While some professions took to social media like a duck to water -- journalists immediately recognized Twitter as their forever home -- physicians were understandably reluctant to jump on board, given all the liability and privacy issues. Seeing an unfulfilled need, in 2011 Doximity launched a professional social network for physicians that allows them to communicate with each other in full compliance with HIPAA rules. Among other things, Doximity members can tap the expertise of other docs to learn more about conditions and treatments as well as job opportunities, conferences, and the like.

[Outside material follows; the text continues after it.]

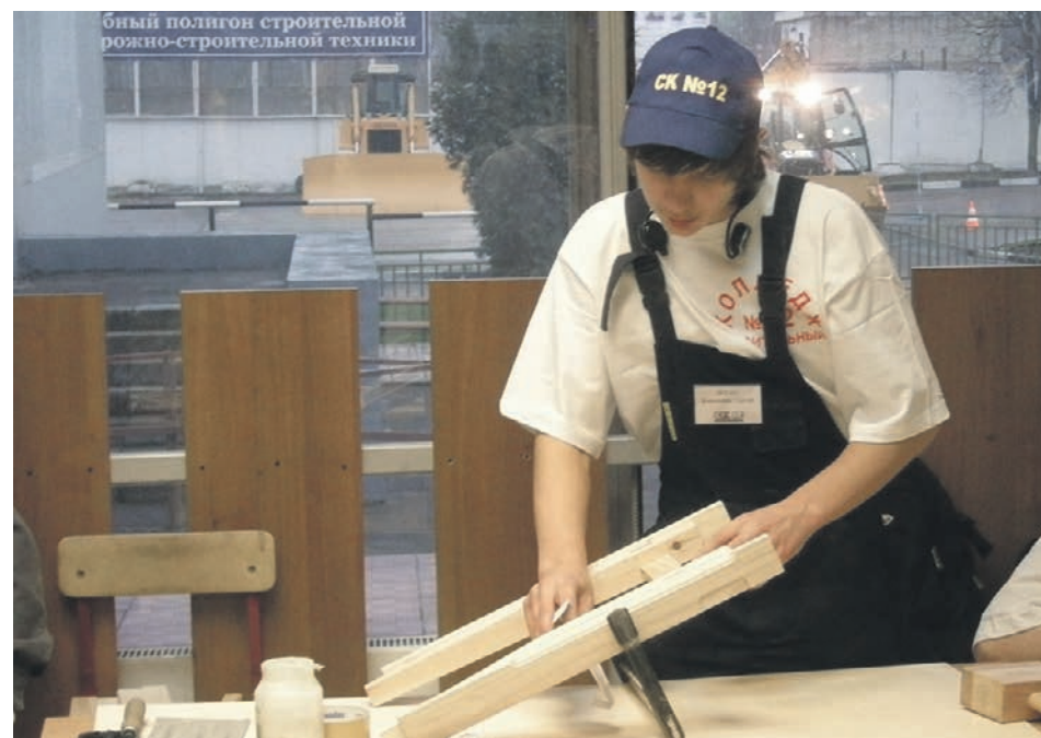
Подготовка кадров для отрасли — еще одна забота профсоюза: учащиеся строительного колледжа № 12 на конкурсе «Московские мастера» WorldSkills Russia борются за звание лучшего столяра

Кстати, в ДСК-1 довольно сильный профком был всегда. Может, потому, что комбинату уже скоро 60 лет, а может, потому, что коллектив там особый. Больше 5 тысяч человек работают слаженно, как часы, все руководители растут на глазах

The network is clearly serious about security: while Doximity pre-populates its national directory with practice information from the National Provider Identifier, Medicare, and other HHS databases, all physicians who want to access their profiles are subject to a three-stage identity verification. Once on board, they can search Doximity members by clinical interests, hospital affiliations, specialties, languages spoken, insurance accepted, and PubMed citations.

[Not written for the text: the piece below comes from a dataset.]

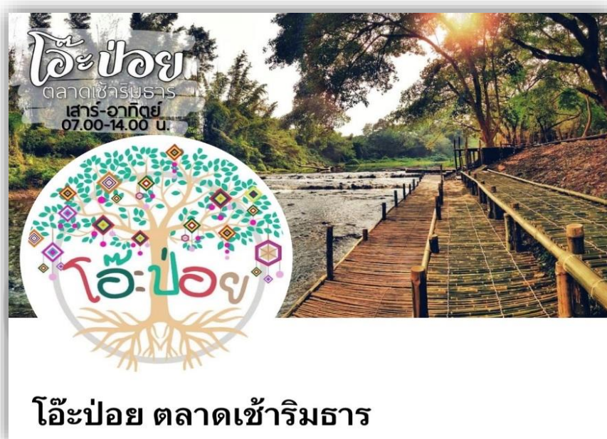
ภาพประกอบ 20 เพจเฟซบุ๊ก "โอ๊ะป่อย ตลาดเช้าริมธาร"

4. ด้านการประชาสัมพันธ์ ตลาดวิถีชุมชนโอ๊ะป่อยมีช่องทางในการประชาสัมพันธ์ผ่านเพจเฟซบุ๊ก "โอ๊ะป่อย ตลาดเช้าริมธาร" ซึ่งเป็นช่องทางหลักในการให้ข้อมูลข่าวสาร รูปภาพกิจกรรม และช่วงวันเวลาเปิด-ปิดตลาด นอกจากนี้ยังมีช่องทาง Line Official ของตลาด ซึ่งจะเป็น 2 ช่องทางหลักในการตอบคำถามและให้ข้อมูลแก่ผู้ที่สนใจและบุคคลทั่วไป

Now Doximity claims to have reached a significant milestone with 250,000 members, or roughly 35% of all doctors in the U.S. (that’s up from 30,000 users towards the end of 2011) and members are sending 10,000 messages to other members every day. In an interview with VentureBeat, Doximity CEO Jeff Tangney said: “This essentially means Doximity will get doctors the answers they want faster, and more reliably, than a simple Google search. Doctors can ask a critical mass of their peers any number of questions ranging from drug interactions to specialist advice, and it points to the demand and hunger for specialized, vertical social networks that meet an unmet need.”
According to VentureBeat, Doximity also rolled out a number of new features in 2013, including a recruiting tool called Talent Finder, an API for easier authentication, a “digital fax line” (docs are still big on faxes), and a continuing medical education platform.